Thinking in My Language to the Official Languages: What a Challenge!! A Case of the Basarwa (Bushmen/San) Children in Botswana

Type Conference Paper - Second 21st Century Academic Forum Boston, USA at Harvard
Title Thinking in My Language to the Official Languages: What a Challenge!! A Case of the Basarwa (Bushmen/San) Children in Botswana
Author(s)
Publication (Day/Month/Year) 2015
URL http://repository.bothouniversity.ac.bw/buir/bitstream/handle/123456789/110/Thinking in my​language.pdf?sequence=1&isAllowed=y
Abstract
The Botswana education system bases its philosophy on education for all using English and
Setswana as the official languages for learning and teaching in schools despite the diversity of
the society. Botswana has 8 Setswana ethnic groups with Setswana as their mother tongue and 26
minority languages. Some of them speak Sengologa/ Sekgalagadi; a language of their so-called
masters. The Basarwa children find it difficult to converse in Setswana but are usually taught by
teachers from the Setswana ethnic groups or those fortunate to be articulate in Setswana and
English.

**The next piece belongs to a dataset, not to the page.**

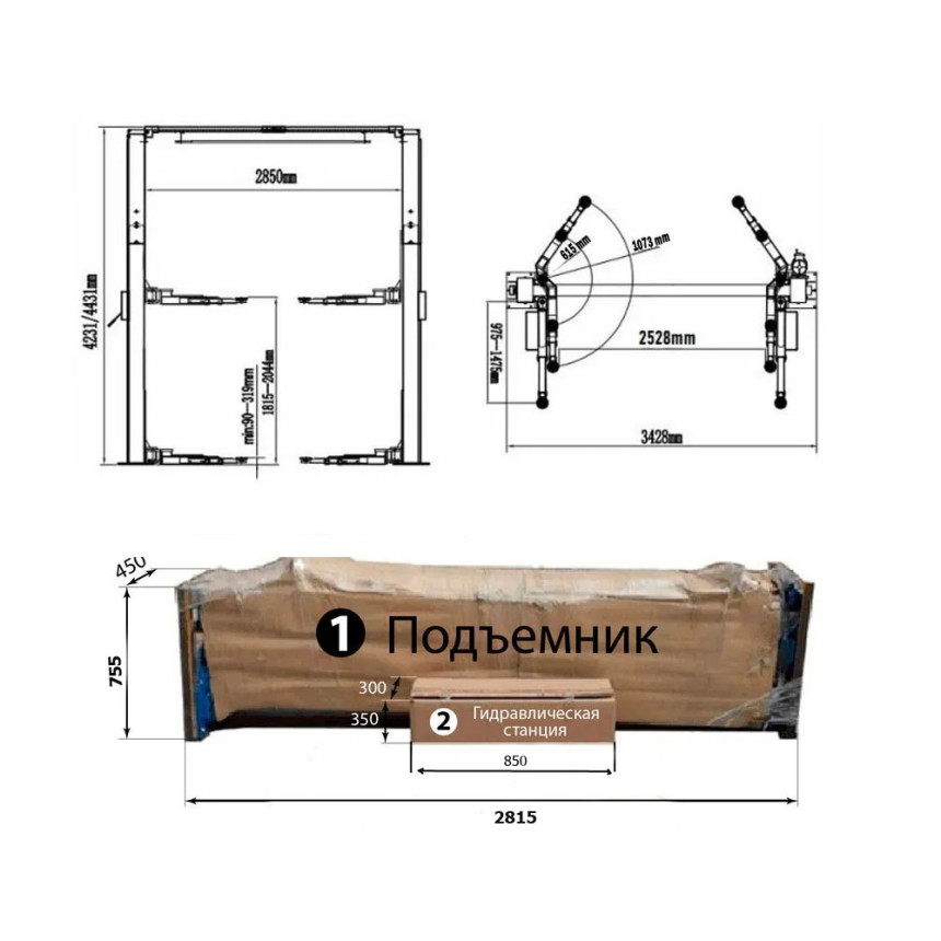 Вылет передних лап (3 секции) | 615-1073 мм | |

When these teachers instruct Basarwa children whose languages are mutually
unintelligible, it becomes a great challenge. Learning is burdensome; frustrating to both the
teachers, parents of the Basarwa children; and the children themselves. The teaching of children
in their mother tongue cannot be overemphasized. Education becomes a foreign concept from
their indigenous culture leading to a higher risk of dropping out of school, a feeling of
discrimination by the teachers who cannot communicate in their language, or understand their
culture.
The study utilized the qualitative method to establish the difficulties the Basarwa children face in
adapting to the Setswana and English ways of learning and the reasons for their high dropout
rates. Greater attention was paid to the strategies and methods the teachers used to reach out to
these children in order to assist them with their schooling. The study was carried out in a small
settlement in the Kgalagadi Desert called Phuduhudu.